## DATA RECORDS

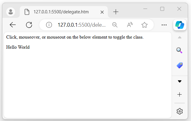 The above program displays a message when the user performs the listed events such as: click, mouseover, or mouseout action. During these actions, the .demo class will be added to the element that triggered the event and removed when the event is no longer active −
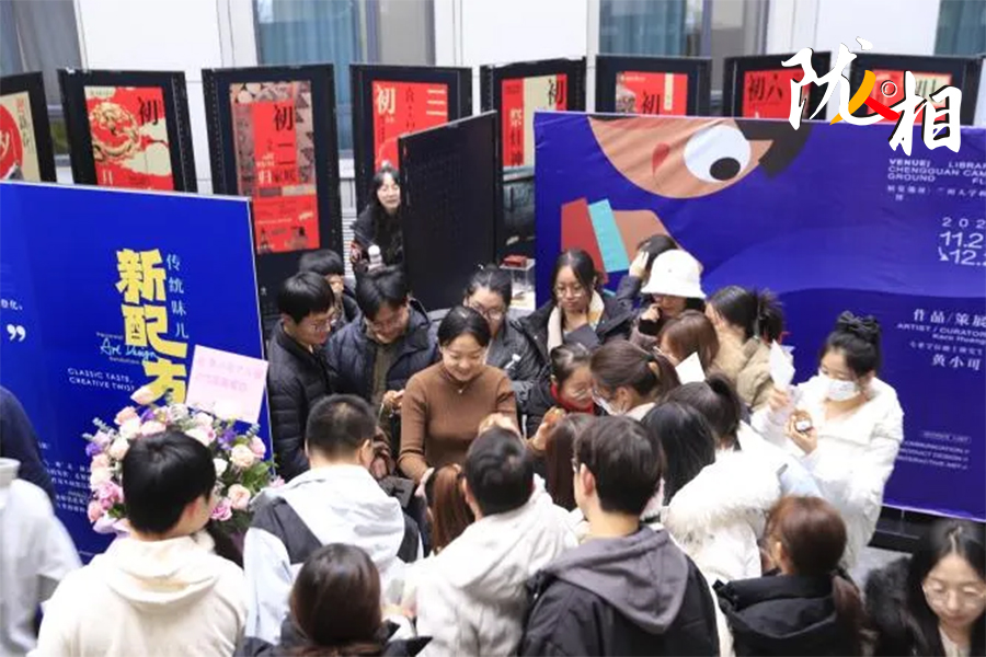 整體被搭建成“S”形的展區(qū),借鑒了博物館的陳展布局,讓參觀者不必走回頭路;展區(qū)第二部分陳列著各種文創(chuàng)玩偶的展臺赫然入目,讓人驚喜連連;展區(qū)外圍的留言墻,不僅有備好的A4紙,還貼心地粘上了馬克筆,方便觀眾留言……來參觀的人,即便對藝術(shù)不敏感也能被設(shè)計(jì)者的細(xì)心和創(chuàng)意輕松打動。
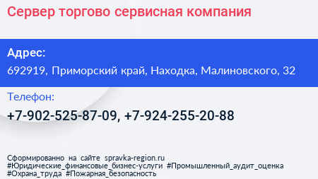 Сервер, торгово-сервисная компания по адресу 692919, Приморский край, Находка, Малиновского, 32 в дальнейшем Организация, размещена в следующих категориях:
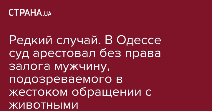 "Сегодня впервые в истории Украины Киевский отдел полиции в г. Одессе ГУ НП в Одесской области объявил гражданину подозрение за совершение преступления, предусмотренного ч. 3 ст. 299 УК Украины (жестокое обращение с животными), и обратился с ходатайством о мере пресечения в виде содержания под стражей", - отметил он.
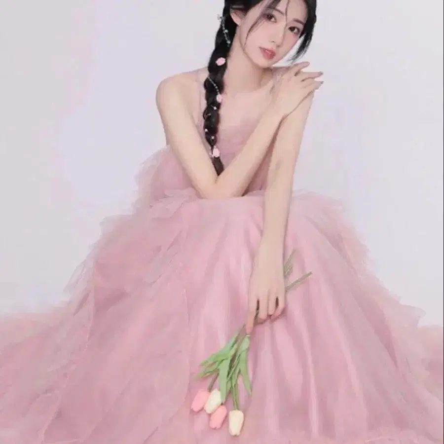 결혼식 촬영 시 착용했습니다. 공원에서 촬영했기 때문에 드레스 밑단이 땅에 쓸려 약간의 마찰이 있었지만, 깨끗한 상태입니다. 신경 쓰이는 분은 구매를 자제해주세요!!! - 색상: 핑크 - 스타일: 프릴 - 소재: 튤 - 디자인: 슬리브리스 - 특징: 롱 기장 사이즈는 XXL입니다! 사이즈감 표를 확인해주세요. ※ 사진 8번째에 있는 드레스 안에 볼륨을 주기 위해 착용하는 프릴도 세트로 함께 드립니다. 사이즈 - XL(LL)
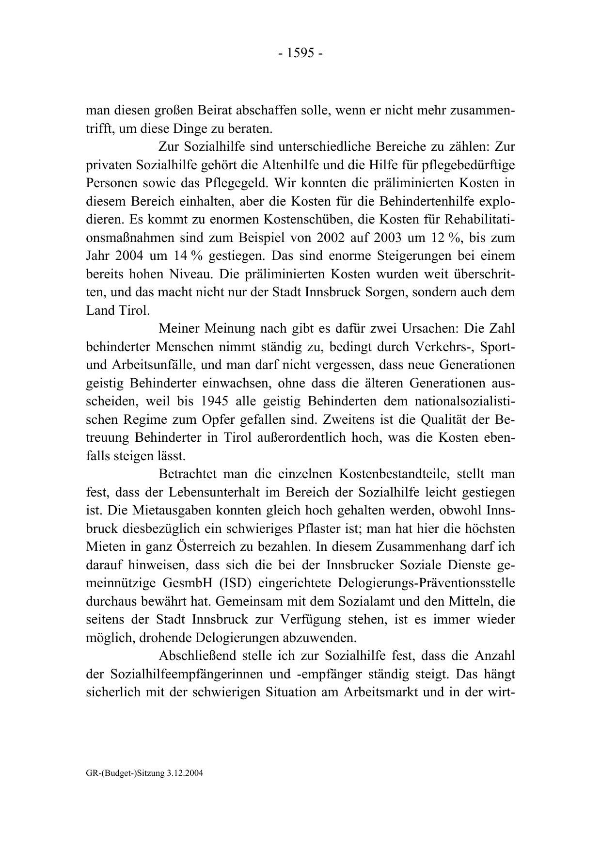 geistig Behinderter einwachsen, ohne dass die älteren Generationen ausscheiden, weil bis 1945 alle geistig Behinderten dem nationalsozialistischen Regime zum Opfer gefallen sind. Zweitens ist die Qualität der Betreuung Behinderter in Tirol außerordentlich hoch, was die Kosten ebenfalls steigen lässt.
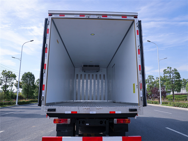 解放J6L 6米8冷藏車(chē)廂體配置為:斷橋隔溫工藝,整體結(jié)構(gòu)框架,內(nèi)外面料為3mm新款啞光玻璃鋼夾保溫層真空復(fù)合而成,廂體厚度為8cm,最新款鋁合金包邊型材,型材局部厚度為4mm(鋼制鉚釘加固),廂體內(nèi)部采用2個(gè)LED照明燈及廂體示寬燈,后門(mén)框不銹鋼材質(zhì),門(mén)框密封條為三元乙丙橡膠材質(zhì),加厚型不銹鋼合頁(yè)及鎖件;副梁為Q700車(chē)用大梁鋼,15mm厚大梁墊皮,加裝防撞膠塊,不銹鋼門(mén)鎖件,配后雙開(kāi)門(mén),副駕駛一側(cè)居中靠前開(kāi)單側(cè)門(mén)一個(gè),帶2個(gè)排水孔。
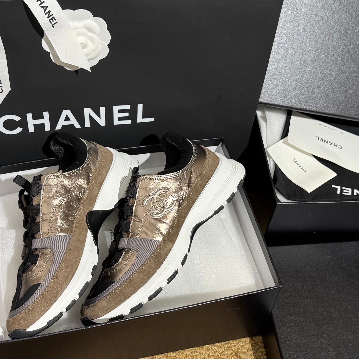 CC 25A Trainers Gold Black Grey Laminated Calfskin And Suede Calfskin 352116
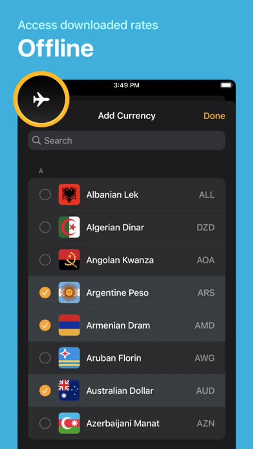 - Works Offline. Downloaded rates are stored on your device for future use.
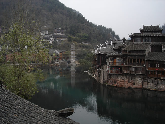 【鳳凰古城位于沱江之畔、群山環(huán)抱、關(guān)隘雄奇、碧綠的沱江依著城墻緩緩流淌,疊翠的南華山麓倒映江中,江中漁舟游船數(shù)點,山間暮鼓晨鐘兼鳴,懸崖上的吊腳樓輕煙裊裊,碼頭邊的浣紗姑笑聲朗朗,兩岸已有數(shù)百年歷史的吊腳樓更是別有一番風味;順水而下穿過虹橋一幅江南水鄉(xiāng)的畫面便展現(xiàn)于眼前--萬壽宮、萬名塔、奪翠樓……一種遠離塵世的感覺悠然而生;鳳凰--猶如“一幅濃墨淺彩的中國山水畫”】,入住酒店。
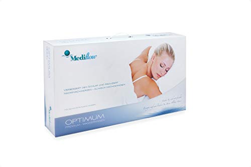 Das Original Mediflow Wasserkissen System besteht aus drei Komponenten: Der Kopf ruht auf einer weichen Schicht aus hochwertiger Füllung, damit Sie sanft und entspannt einschlafen. Eine spezielle Thermo-Isolierung umhüllt den Wasserkern auf der Unterseite des Kissens und verhindert zuverlässig thermische Schwankungen. 3.Der Wasserkern sorgt für die notwendige Unterstützung und passt sich verzögerungsfrei jeder Kopfbewegung an. Die Härte des Kissens ist über die Menge des Wasssers stufenlos regulierbar. Besonders Menschen, die sich vermehrt im Schlaf drehen, unter Nacken- und Rückenschmerzen oder sonstigen Schlafstörungen leiden, können von der Funktionalität und den Eigenschaften eines Mediflow Wasserkopfkissens profitieren. Unter Druck fließt das Wasser automatisch in die vorhandenen Hohlräume, zum Beispiel im Nackenbereich. So werden Kopf und Nackenregion ideal unterstützt und der Schlaf besonders erholsam Laut einer veröffentlichten klinischen Studie an der renommierten John Hopkins School of Medicine tragen Mediflow Wasserkissen zur Reduzierung von Nackenschmerzen bei und erhöhen die Schlafqualität. In jedem Mediflow Kissen stecken rund 25 Jahre Erfahrung, deshalb gibt Mediflow auch 3 Jahre Garantie auf die Dichtheit, Das Optimum Wasserkissen hat zudem 30 Tage „zufrieden-oder-Geld-zurück“ und 3 Jahre Herstellergarantie auf das gesamte Produkt. Die Kissen sind durch die besondere Materialauswahl ideal für Allergiker geeignet und nach OekoTex Standard 100 zertifziert. Die Befüllung erfolgt mit normalem Leitungswasser – ohne Verwendung von Zusatzmitteln. Das Wasser muss vor dem Waschen entfernt werden, dann ist das Kissen in der Maschine waschbar. Bei Verwendung eines Schonbezuges sollte das Wasser einmal jährlich gewechselt werden. Eine genaue Anleitung, sowie ein spezieller Einfülltrichter liegen dem Kissen bei.

## ASSIGNMENT
Repeat exactly the lines above, beginning at the one containing "Сервер, торгово-сервисная компания" and ending at the one containing "결혼식 촬영 시 착용했습니다.". Do not carry over any pictures.

## TASK RESULT
 Сервер, торгово-сервисная компания по адресу 692919, Приморский край, Находка, Малиновского, 32 в дальнейшем Организация, размещена в следующих категориях:
 "Сегодня впервые в истории Украины Киевский отдел полиции в г. Одессе ГУ НП в Одесской области объявил гражданину подозрение за совершение преступления, предусмотренного ч. 3 ст. 299 УК Украины (жестокое обращение с животными), и обратился с ходатайством о мере пресечения в виде содержания под стражей", - отметил он.
 결혼식 촬영 시 착용했습니다. 공원에서 촬영했기 때문에 드레스 밑단이 땅에 쓸려 약간의 마찰이 있었지만, 깨끗한 상태입니다. 신경 쓰이는 분은 구매를 자제해주세요!!! - 색상: 핑크 - 스타일: 프릴 - 소재: 튤 - 디자인: 슬리브리스 - 특징: 롱 기장 사이즈는 XXL입니다! 사이즈감 표를 확인해주세요. ※ 사진 8번째에 있는 드레스 안에 볼륨을 주기 위해 착용하는 프릴도 세트로 함께 드립니다. 사이즈 - XL(LL)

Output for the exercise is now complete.